Activity ▸ Start at the first line below and write out everything verbatim except the pictures.

Raw data ▸
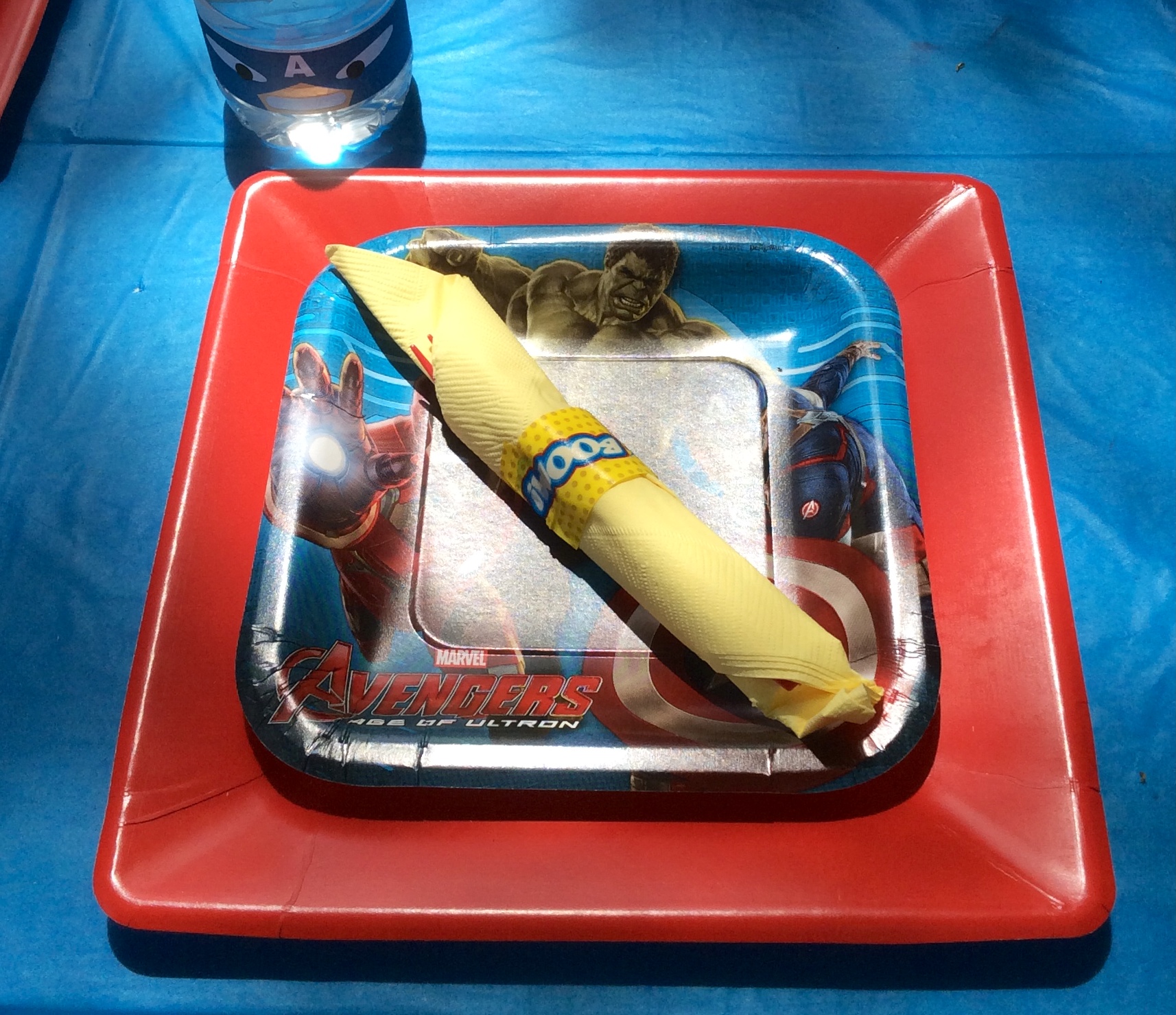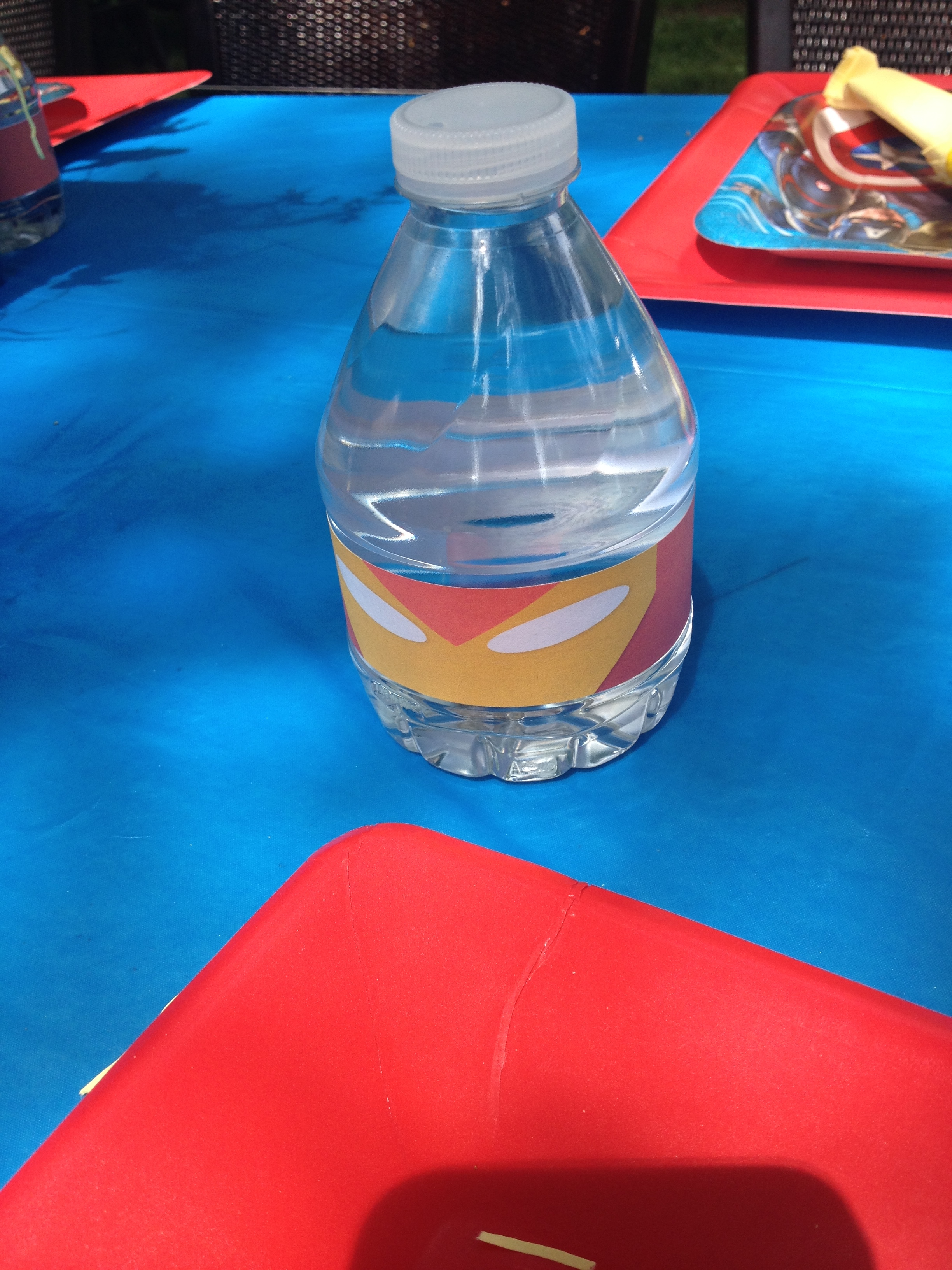 Games… Games… Games… No party is complete unless there’s games! The family constructed three stations – Hulk Smashing: where kids got to wear the Hulk gloves and smash ice cream cones; Webslinger Training: where the kids sprayed silly string around; Thor’s Thunder and Rain Challenge: where the kids burst open hanging water balloons with a makeshift Thor hammer. I made signs for each station, as well as create the label for the silly string cans. Fun!
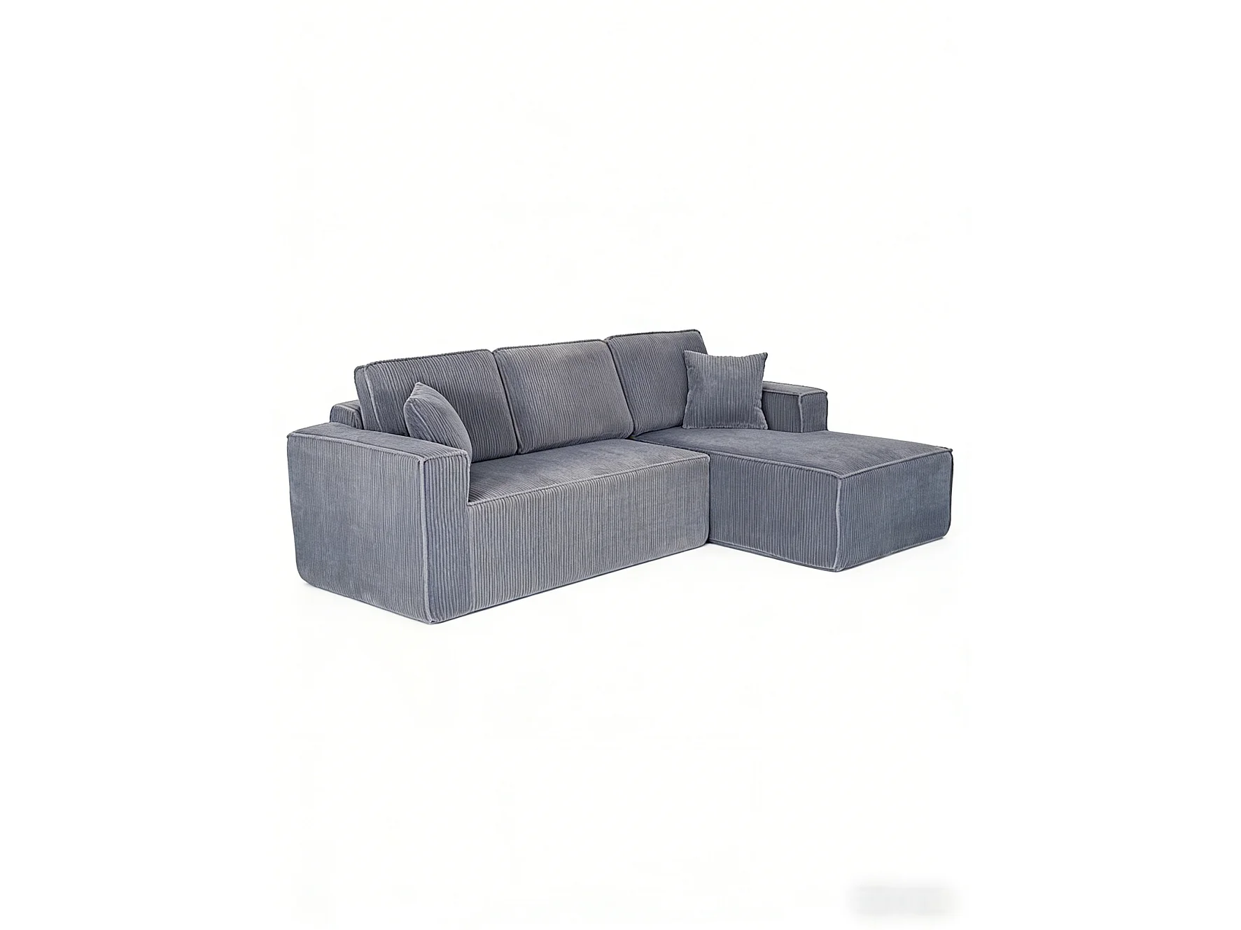 Canapé 3 Places d'angle droit modulable en Velours côtelé, avec 2 oreillers, 128cm méridienne, Gris
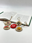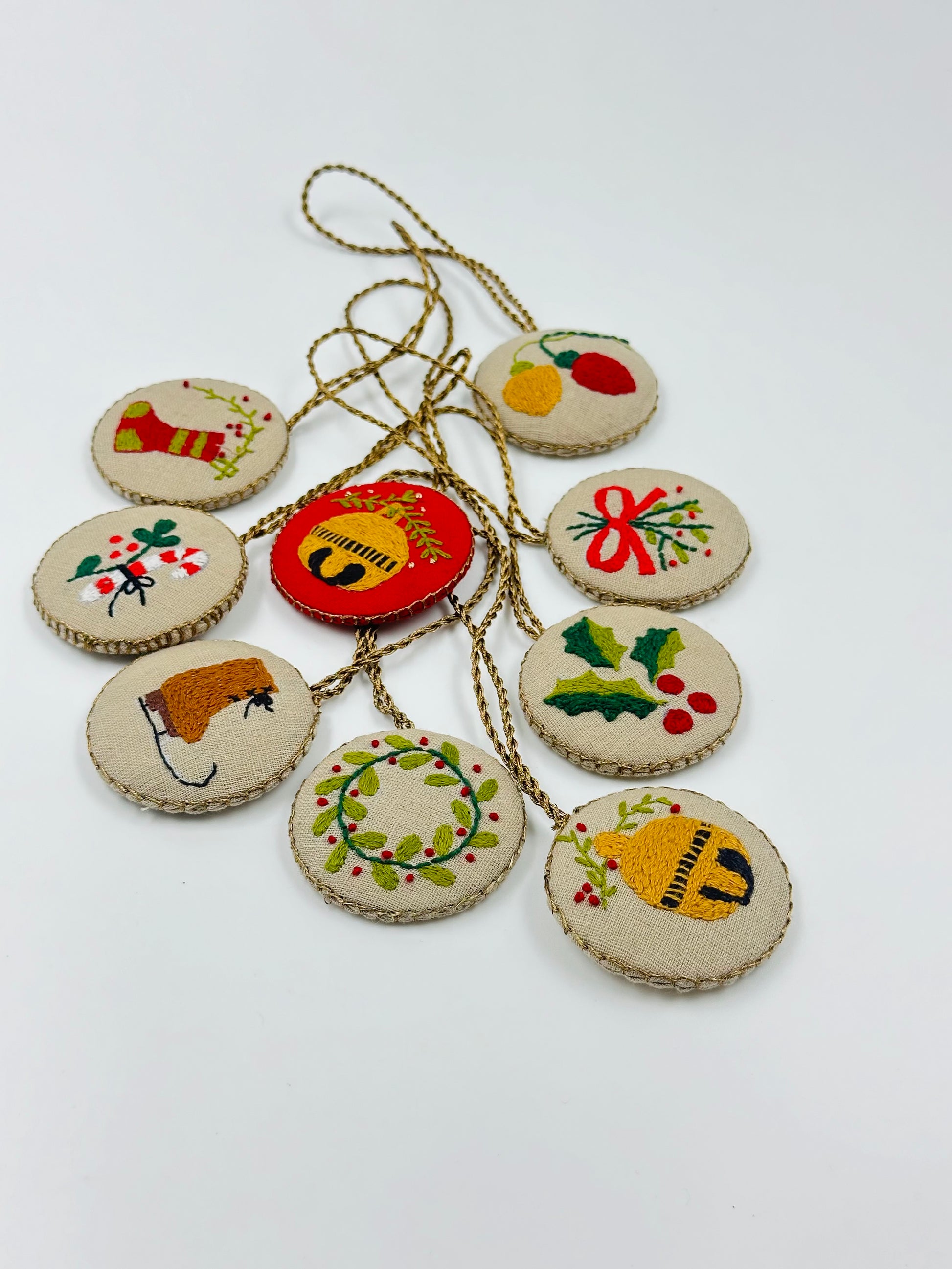Celebrate the festive season with our exquisite Golden Stitches Hand-Embroidered Christmas Ornaments, where tradition meets craftsmanship. Each 2-inch ornament is uniquely embroidered with delicate motifs like reindeer, snow boots, snowflakes, mittens, Christmas lights, flower wreaths, golden bells, stockings, Christmas trees, candy canes, and Christmassy boughs.

Solution for this task ▸
 Games… Games… Games… No party is complete unless there’s games! The family constructed three stations – Hulk Smashing: where kids got to wear the Hulk gloves and smash ice cream cones; Webslinger Training: where the kids sprayed silly string around; Thor’s Thunder and Rain Challenge: where the kids burst open hanging water balloons with a makeshift Thor hammer. I made signs for each station, as well as create the label for the silly string cans. Fun!
 Canapé 3 Places d'angle droit modulable en Velours côtelé, avec 2 oreillers, 128cm méridienne, Gris
Celebrate the festive season with our exquisite Golden Stitches Hand-Embroidered Christmas Ornaments, where tradition meets craftsmanship. Each 2-inch ornament is uniquely embroidered with delicate motifs like reindeer, snow boots, snowflakes, mittens, Christmas lights, flower wreaths, golden bells, stockings, Christmas trees, candy canes, and Christmassy boughs.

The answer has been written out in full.